As with Shirley Hughes, Beatrix Potter fully integrates her beautiful, distinctive and fairly lifelike illustrations into the story. A good author-illustrator can do wonders with picture books!

Hearing the World

Monday, 14 March 2011

I’m going to stick with more simple discussions of books for the very young for now.

Cover of Noisy

Cover of Noisy

23. Noisy by Shirley Hughes

This is a rhythmic and (being Shirley Hughes) beautifully illustrated evocation of the noises in the life of a young girl and her baby brother. As she plays in and watches the world the parents are in the background doing the housework (both mother and father) and occasionally trying to relax (usually when the kids are at their loudest).

Each square page is mostly filled with a single illustration, each with one or two lines of text to go with it and the size seems nice for sharing with a small number of children. I’m not sure a large group would get much out of the pictures, although it might still work well as lead-in to a discussion of other noises in their world.

Happy days

Monday, 14 February 2011

While my baby’s still sick (although out of hospital) I don’t feel like discussing novels of death and destruction, so for the first time I’m going to skip around in the 2011 reading list and go straight to a fun and friendly children’s book.

Cover of Here Comes Charlie Moon

Cover of Here Comes Charlie Moon

20. Here Comes Charlie Moon by Shirley Hughes

I’ve been looking out for some of Hughes’ beautiful books for very young children, but came across this novel of hers first, and thought I’d see what it’s like. I’d expected illustrations, and in fact every single page of this chapter book has a unique and appropriate picture at the top, but the story isn’t bad either.

Charlie Moon lives with his Mum in a big city, and to save him being bored underfoot over the summer, she sends him to stay with his Auntie Jean, who runs a joke shop in a Welsh seaside resort, Penwyn Bay. His older cousin Ariadne (12 years old to his 10) is similarly staying with their aunt, and while the two wind each other up a bit they’re really very good companions and then friends.

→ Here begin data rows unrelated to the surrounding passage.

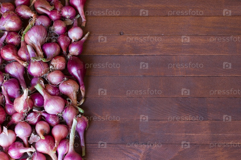 Красный лук на деревянный стол
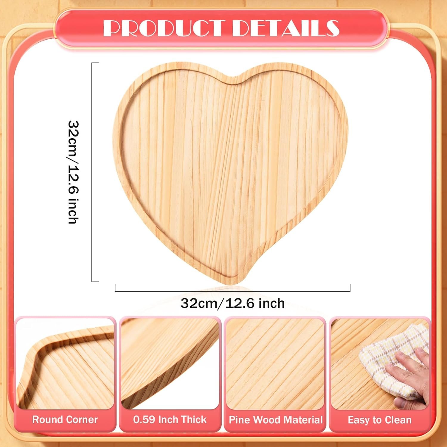 Heart Shape Serving Tray: the package contains 1 piece of heart-shaped wood serving tray, and the wood tray is about 32 x 32 cm/12.6 x 12.6 inches(LW) and 1.5 cm/0.59 inches in thickness, the proper size and cute design is great for everyday use and Valentine’s Day party use
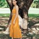 - MUSTARD YELLOW COTTON LINEN CAMI CROP TOP WITH BAND STRAP AND BACK SMOCKING
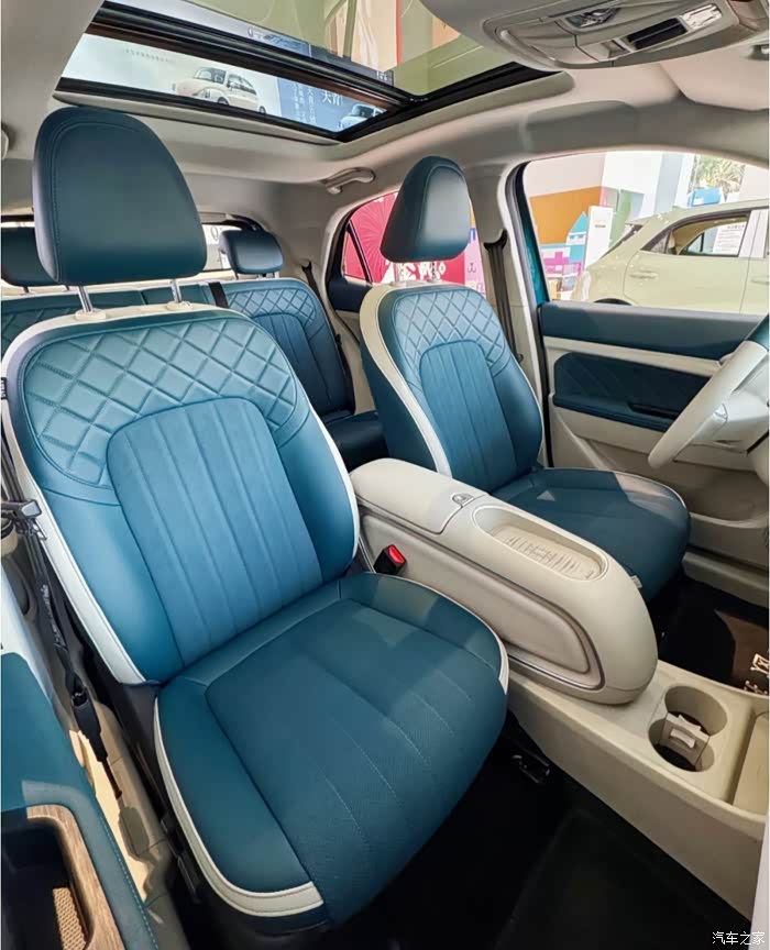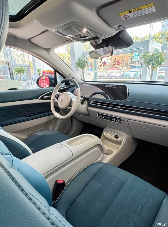 车内部是蓝灰的设计,整体的驾乘空间还不小呢,肯定是够我们一家三口市区内驾乘代步的。销售知道我们家有小孩,还专门提了一嘴后排放安全座椅是很方便的,而且还有儿童锁,安全性还是在线的。

Neither Auntie Jean nor her neighbour and ex-colleague Carlo Cornetto are doing all that well at their tourism-based businesses, since the other end of the bay is where the modern attractions are, but Charlie and Ariadne still manage to make themselves some friends, foil the local bullies, and help to revive their Auntie’s and Mr Cornetto’s businesses through a series of quite plausible adventures.

At a guess, this’d be a good one for 8-12 year olds to read themselves (boys or girls), and good for reading aloud so long as everyone’s close enough to see the line drawings, which aren’t all that large.